- [EXERCISE INSTRUCTIONS]
Once "The math is" turns up in a line below, reproduce that line and those after it exactly, stopping after the line with "Сегодняшняя акция в"; leave pictures out.

- [RECORDS FOR THIS EXERCISE]
╭──
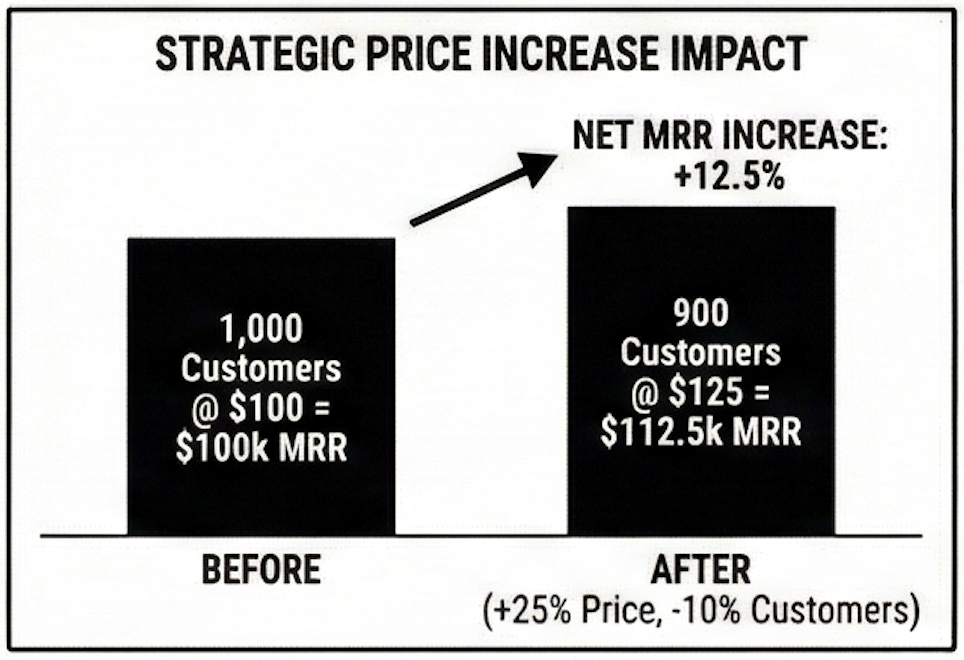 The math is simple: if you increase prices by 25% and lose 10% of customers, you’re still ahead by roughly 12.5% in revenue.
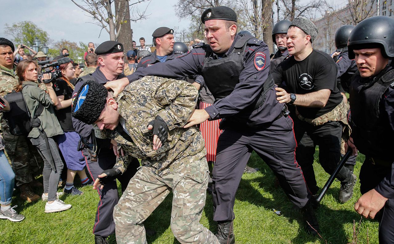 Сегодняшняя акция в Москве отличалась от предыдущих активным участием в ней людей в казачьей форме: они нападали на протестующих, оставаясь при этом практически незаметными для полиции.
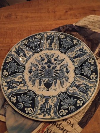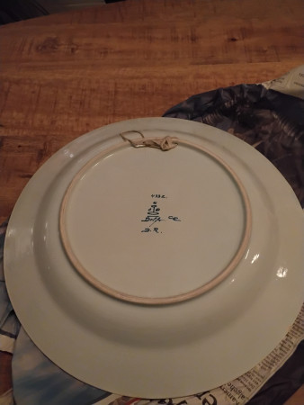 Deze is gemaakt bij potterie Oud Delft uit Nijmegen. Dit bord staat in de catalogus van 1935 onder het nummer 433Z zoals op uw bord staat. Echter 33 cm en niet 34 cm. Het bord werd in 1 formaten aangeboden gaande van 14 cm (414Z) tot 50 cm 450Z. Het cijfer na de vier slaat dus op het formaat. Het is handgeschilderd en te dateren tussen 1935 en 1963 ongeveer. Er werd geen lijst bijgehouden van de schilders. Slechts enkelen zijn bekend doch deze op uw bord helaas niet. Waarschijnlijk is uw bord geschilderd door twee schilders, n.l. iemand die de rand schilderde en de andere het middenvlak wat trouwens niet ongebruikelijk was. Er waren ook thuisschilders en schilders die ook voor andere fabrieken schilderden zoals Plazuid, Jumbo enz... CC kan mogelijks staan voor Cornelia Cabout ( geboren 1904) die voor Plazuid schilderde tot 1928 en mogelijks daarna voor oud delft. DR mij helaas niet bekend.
╰──
╭──
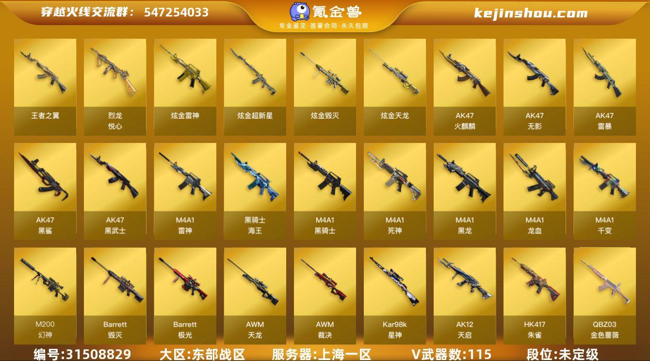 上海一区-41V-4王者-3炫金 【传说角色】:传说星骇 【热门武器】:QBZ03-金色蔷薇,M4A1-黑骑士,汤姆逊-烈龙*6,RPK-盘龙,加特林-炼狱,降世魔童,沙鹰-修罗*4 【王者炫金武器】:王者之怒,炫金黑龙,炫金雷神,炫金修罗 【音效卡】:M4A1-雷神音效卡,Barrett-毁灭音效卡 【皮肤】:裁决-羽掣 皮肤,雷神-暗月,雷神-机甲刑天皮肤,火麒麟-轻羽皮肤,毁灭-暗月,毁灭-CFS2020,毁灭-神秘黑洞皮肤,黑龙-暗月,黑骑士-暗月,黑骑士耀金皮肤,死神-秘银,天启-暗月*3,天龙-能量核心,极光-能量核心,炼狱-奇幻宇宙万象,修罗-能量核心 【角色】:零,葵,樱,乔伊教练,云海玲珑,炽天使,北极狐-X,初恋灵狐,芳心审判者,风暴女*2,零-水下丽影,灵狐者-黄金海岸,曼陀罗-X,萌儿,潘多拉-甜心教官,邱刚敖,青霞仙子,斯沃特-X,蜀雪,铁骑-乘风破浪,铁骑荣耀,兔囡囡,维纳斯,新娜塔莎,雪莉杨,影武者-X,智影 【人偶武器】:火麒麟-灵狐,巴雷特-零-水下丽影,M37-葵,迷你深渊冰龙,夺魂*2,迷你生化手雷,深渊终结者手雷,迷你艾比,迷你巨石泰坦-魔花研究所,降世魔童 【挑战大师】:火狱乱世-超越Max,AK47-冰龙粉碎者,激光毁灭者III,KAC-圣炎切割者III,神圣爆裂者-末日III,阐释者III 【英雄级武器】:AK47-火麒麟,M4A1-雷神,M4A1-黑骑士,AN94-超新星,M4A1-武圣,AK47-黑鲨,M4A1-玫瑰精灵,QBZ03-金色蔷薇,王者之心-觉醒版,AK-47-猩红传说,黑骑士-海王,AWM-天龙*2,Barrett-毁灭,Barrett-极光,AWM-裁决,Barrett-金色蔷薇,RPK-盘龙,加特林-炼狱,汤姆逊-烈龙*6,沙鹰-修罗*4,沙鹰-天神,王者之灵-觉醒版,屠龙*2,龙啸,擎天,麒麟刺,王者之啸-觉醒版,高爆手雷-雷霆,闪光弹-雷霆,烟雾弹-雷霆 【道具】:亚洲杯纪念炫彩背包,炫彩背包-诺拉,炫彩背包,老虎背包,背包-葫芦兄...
╰──
- [ANSWER TO THE EXERCISE]
 The math is simple: if you increase prices by 25% and lose 10% of customers, you’re still ahead by roughly 12.5% in revenue.
 Сегодняшняя акция в Москве отличалась от предыдущих активным участием в ней людей в казачьей форме: они нападали на протестующих, оставаясь при этом практически незаметными для полиции.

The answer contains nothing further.